The nozzle body is provided in the solder bath, and one end of a duct for sending molten solder pressurized by a pump into the nozzle body is connected to a lower portion of the nozzle body. Provided is a flow distribution plate that hangs down from the ceiling portion between the lower end openings of the first and second flow passage bodies and divides the molten solder pressure-fed into the nozzle body from the duct into the first and second flow passage bodies.

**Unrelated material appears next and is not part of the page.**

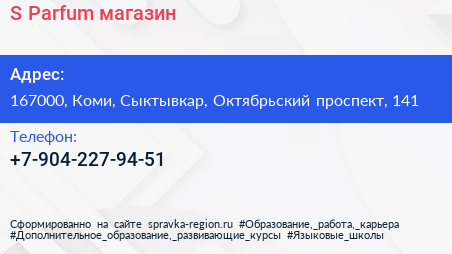 S-Parfum, магазин по адресу 167000, Коми, Сыктывкар, Октябрьский проспект, 141 в дальнейшем Организация, размещена в следующих категориях:
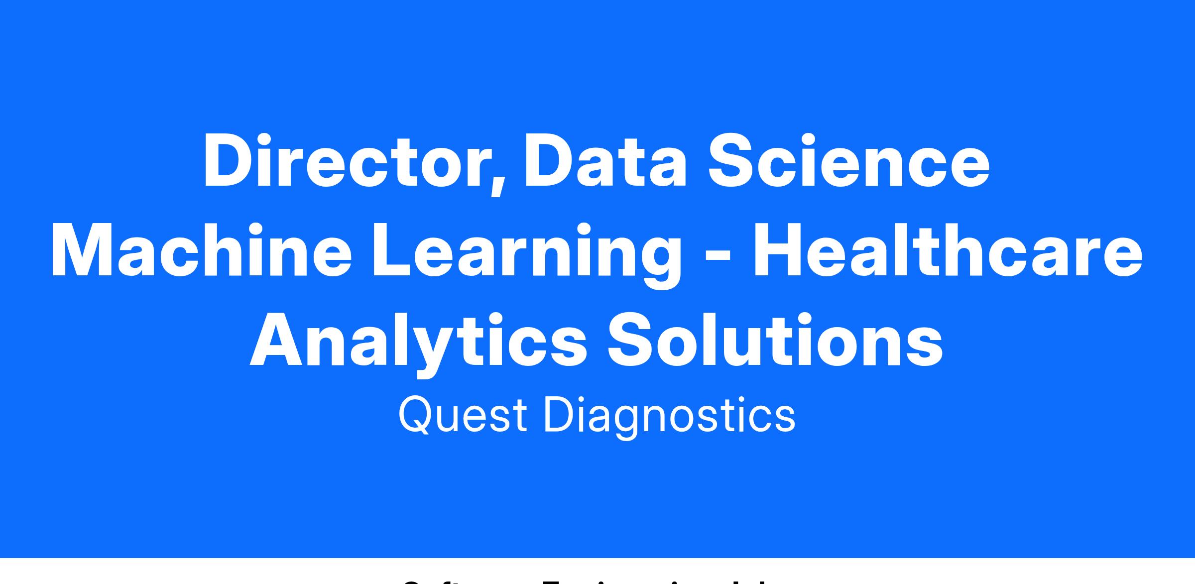 The Director, Data Science Machine Learning is responsible for leading and managing innovation and implementation of advanced analytics solutions to complex challenges to improve the overall impact and value of diagnostic testing and patient health information and services that patients and doctors need to make better healthcare decisions. In this role, you will research and explore novel approaches to complex challenges and help design, develop, and deploy innovative solutions that use the spectrum of data science fields of study, including natural language processing, machine learning and AI technology, to improve patient healthcare outcomes. You will be a hands-on leader overseeing a team of highly skilled data scientists and will coordinate and collaborate across Quest Technology and other business partners ensuring synchronicity of data science solutions, application development, and alignment with business needs and strategy.

Claim 1 characterized by the above.
4. The jet soldering device according to any one of 3 to 3. 5. Melting which is disposed between the first and second flow path bodies and slightly below the liquid surface of the molten solder, jets from a nozzle attached to both flow path bodies, and returns between the flow path bodies. The jet soldering device according to any one of claims 1 to 3, further comprising a convection guide for guiding the solder in a direction parallel to both flow path bodies.